_REQUIRED WORK:_ All that is wanted is the exact lines from the first line of the data below through the line with "After a trip", both ends included, with pictures omitted.

Start of RECORDS FOR THE EXERCISE

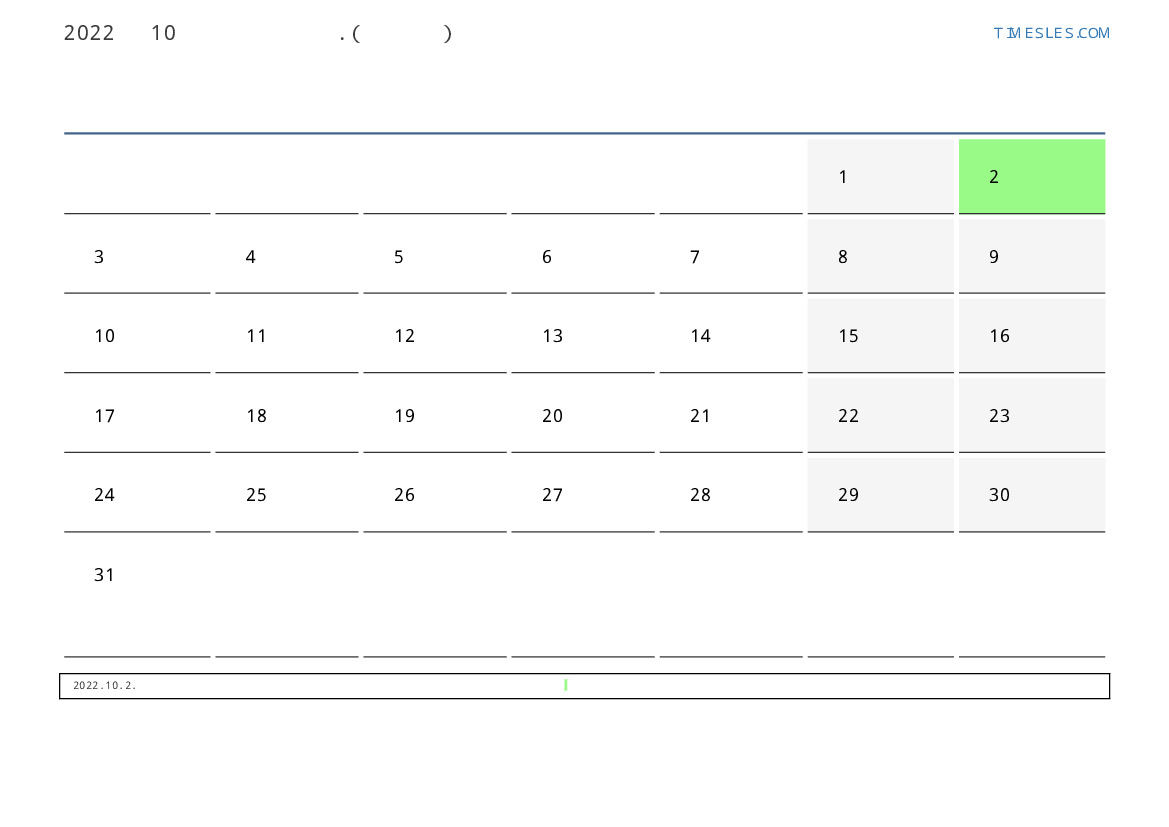 10월에는 31 일 포함됩니다. 이것은 2022 년 10 개월입니다. 올해의 계절 : 가을. 10월 토요일에 시작하여 월요일에 끝납니다. 2022년 10월에 파라과이 1 공휴일 및 휴무 있습니다.
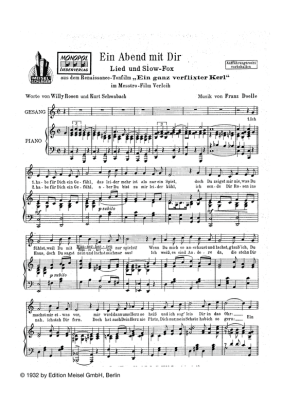 Ein Abend mit Dir - Noten für Klavier und Gesang aus: Ein ganz verflixter Kerl (Film)
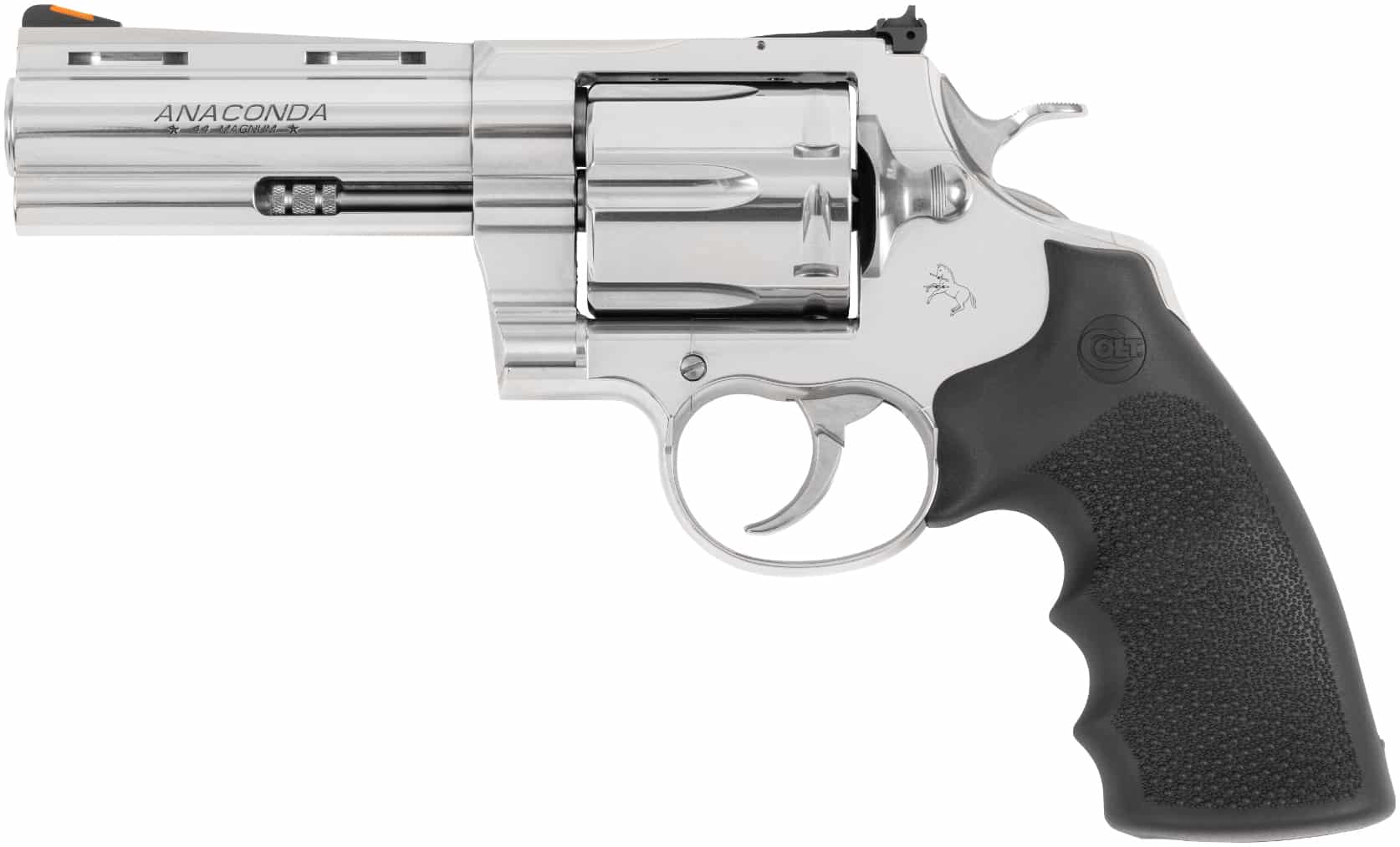 The Colt Anaconda is a heavy-duty stainless-steel revolver chambered in .44 Magnum with a six-round cylinder and Hogue overmolded grips for improved handling. It combines Colt's large-frame action and adjustable sights for controlled, repeatable performance on the range or in the field. The design emphasizes smooth trigger operation via a linear leaf spring action and durable stainless construction.
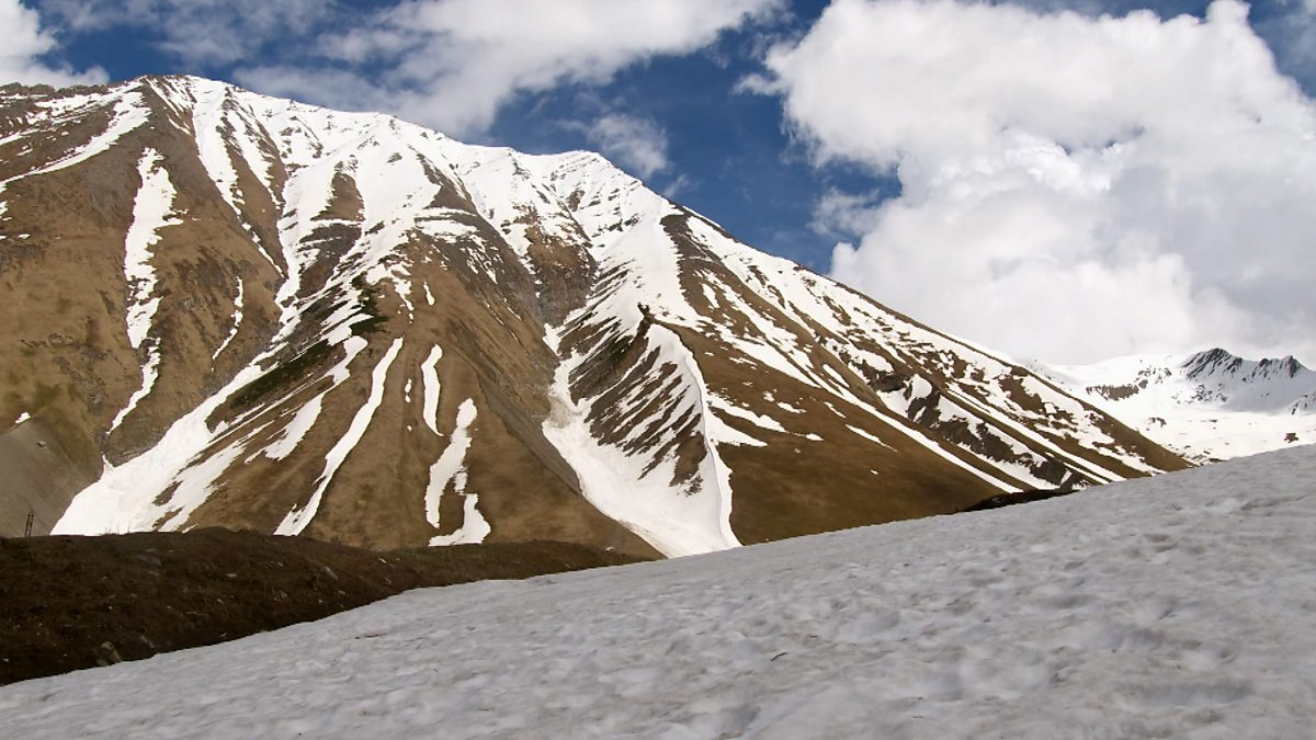 After a trip along the Georgian Military High Road, Michael boards a helicopter for a birds eye view of the 5,000 metre peak of Mount Kazbek.
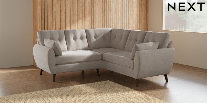 7.2.10 Wilson Buttoned Back Small Corner Sofa - Universal Chunky Chenille Oyster Retro Tapered - Mid | Made Click here to use our website with more accessibility support, for example screen readers
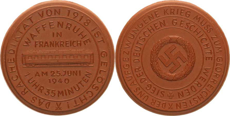 Kapitulace Francie 25. 6. 1940, Železniční vůz uprostřed, 6-ti řá dk. nápis, opis / Uprostřed svastika v dubovém věnci, ve dvou kru zích opisy hnědý míšeňský porcelán 50 mm
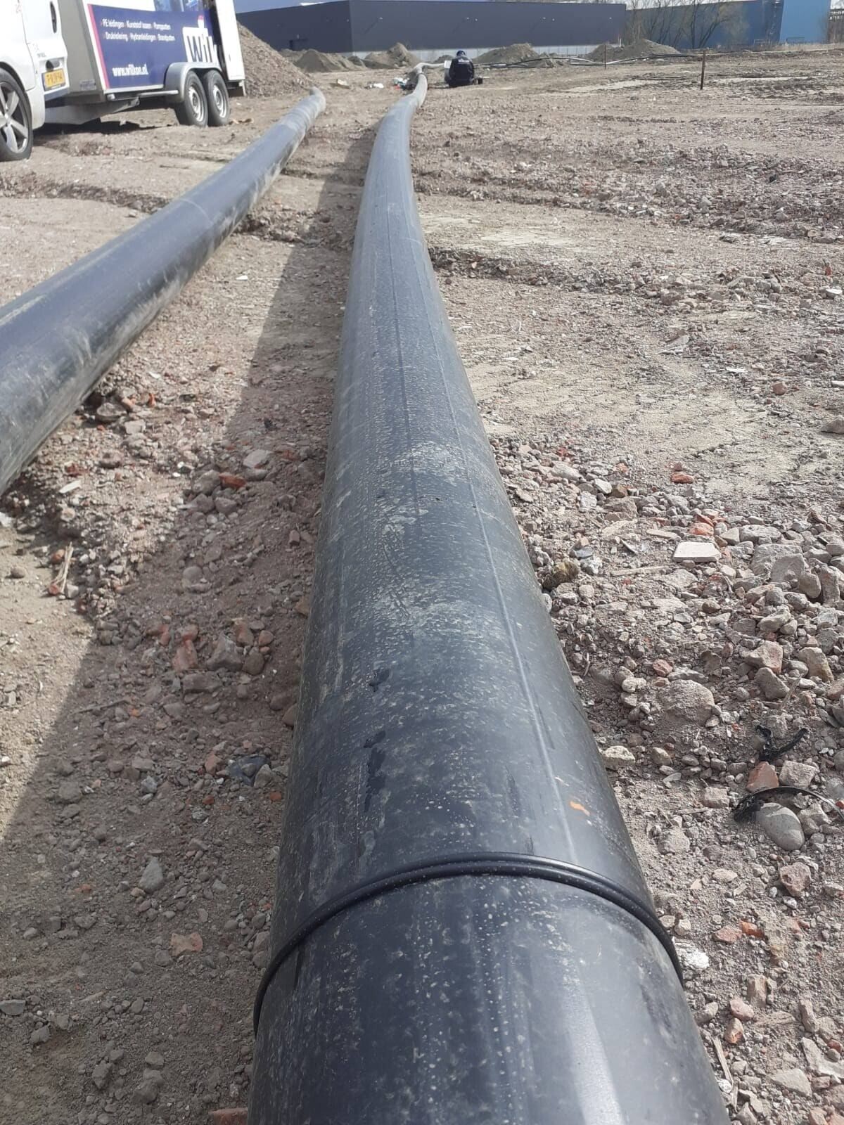 Op een fabrieksterrein in België hebben wij PE buizen geleverd en gelast ten behoeve van de blusleiding, mantelbuizen, waterleiding en riolering. De diameters variëren van 90mm tot 250mm.
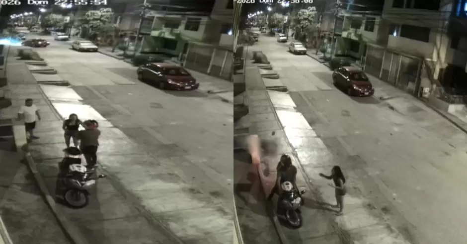 Cámaras de seguridad grabaron lo ocurrido en el jirón Río Blanco, donde según información preliminar la pareja protagonizaba una fuerte discusión en plena vía pública entre una mujer, que vestía short y polo negro, y un hombre que llevaba un casco y acababa de llegar con su motocicleta al lugar.

End of RECORDS FOR THE EXERCISE

_RESULT OF THE EXERCISE:_
 10월에는 31 일 포함됩니다. 이것은 2022 년 10 개월입니다. 올해의 계절 : 가을. 10월 토요일에 시작하여 월요일에 끝납니다. 2022년 10월에 파라과이 1 공휴일 및 휴무 있습니다.
 Ein Abend mit Dir - Noten für Klavier und Gesang aus: Ein ganz verflixter Kerl (Film)
 The Colt Anaconda is a heavy-duty stainless-steel revolver chambered in .44 Magnum with a six-round cylinder and Hogue overmolded grips for improved handling. It combines Colt's large-frame action and adjustable sights for controlled, repeatable performance on the range or in the field. The design emphasizes smooth trigger operation via a linear leaf spring action and durable stainless construction.
 After a trip along the Georgian Military High Road, Michael boards a helicopter for a birds eye view of the 5,000 metre peak of Mount Kazbek.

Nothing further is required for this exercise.